From the entries below, write out exactly the lines between the line holding "This circuit uses" and the line holding "本网讯(记者吴祖琳)日前,马", inclusive, excluding any pictures.

§ **Material provided**

Start of Block

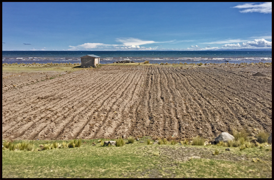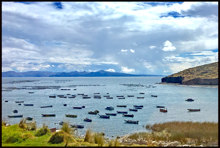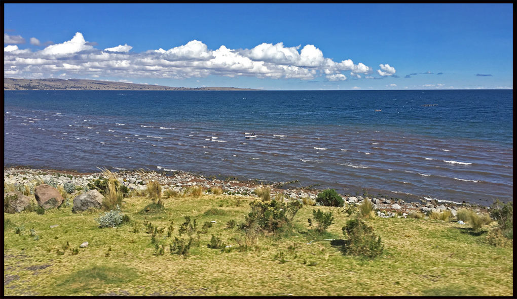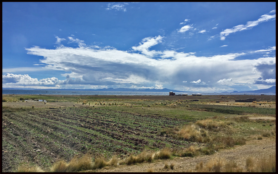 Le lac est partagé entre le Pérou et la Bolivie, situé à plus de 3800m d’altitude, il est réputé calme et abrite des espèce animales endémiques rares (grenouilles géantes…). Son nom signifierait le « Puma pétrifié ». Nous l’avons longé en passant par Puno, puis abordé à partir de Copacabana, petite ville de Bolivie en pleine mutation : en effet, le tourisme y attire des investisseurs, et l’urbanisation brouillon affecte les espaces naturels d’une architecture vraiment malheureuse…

End of Block
Start of Block

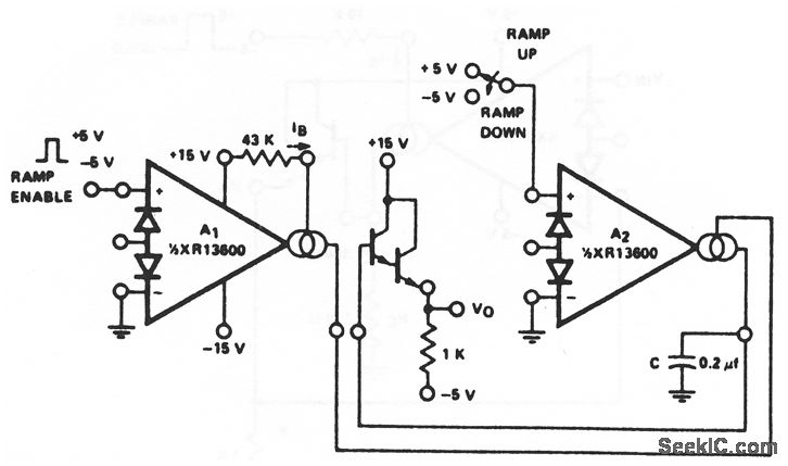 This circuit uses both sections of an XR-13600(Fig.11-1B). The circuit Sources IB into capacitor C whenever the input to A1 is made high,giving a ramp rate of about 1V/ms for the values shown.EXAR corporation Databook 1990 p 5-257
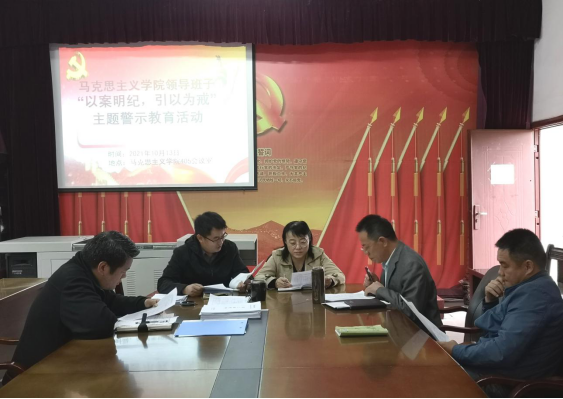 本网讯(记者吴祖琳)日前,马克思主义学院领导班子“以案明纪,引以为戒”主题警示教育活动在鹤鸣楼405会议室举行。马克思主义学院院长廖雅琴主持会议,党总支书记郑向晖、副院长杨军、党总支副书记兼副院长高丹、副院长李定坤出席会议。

End of Block
Start of Block

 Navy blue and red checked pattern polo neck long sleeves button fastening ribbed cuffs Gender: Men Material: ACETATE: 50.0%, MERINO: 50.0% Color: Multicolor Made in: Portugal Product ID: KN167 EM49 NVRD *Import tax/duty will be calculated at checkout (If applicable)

End of Block

§ **Result of this task**
 This circuit uses both sections of an XR-13600(Fig.11-1B). The circuit Sources IB into capacitor C whenever the input to A1 is made high,giving a ramp rate of about 1V/ms for the values shown.EXAR corporation Databook 1990 p 5-257
 本网讯(记者吴祖琳)日前,马克思主义学院领导班子“以案明纪,引以为戒”主题警示教育活动在鹤鸣楼405会议室举行。马克思主义学院院长廖雅琴主持会议,党总支书记郑向晖、副院长杨军、党总支副书记兼副院长高丹、副院长李定坤出席会议。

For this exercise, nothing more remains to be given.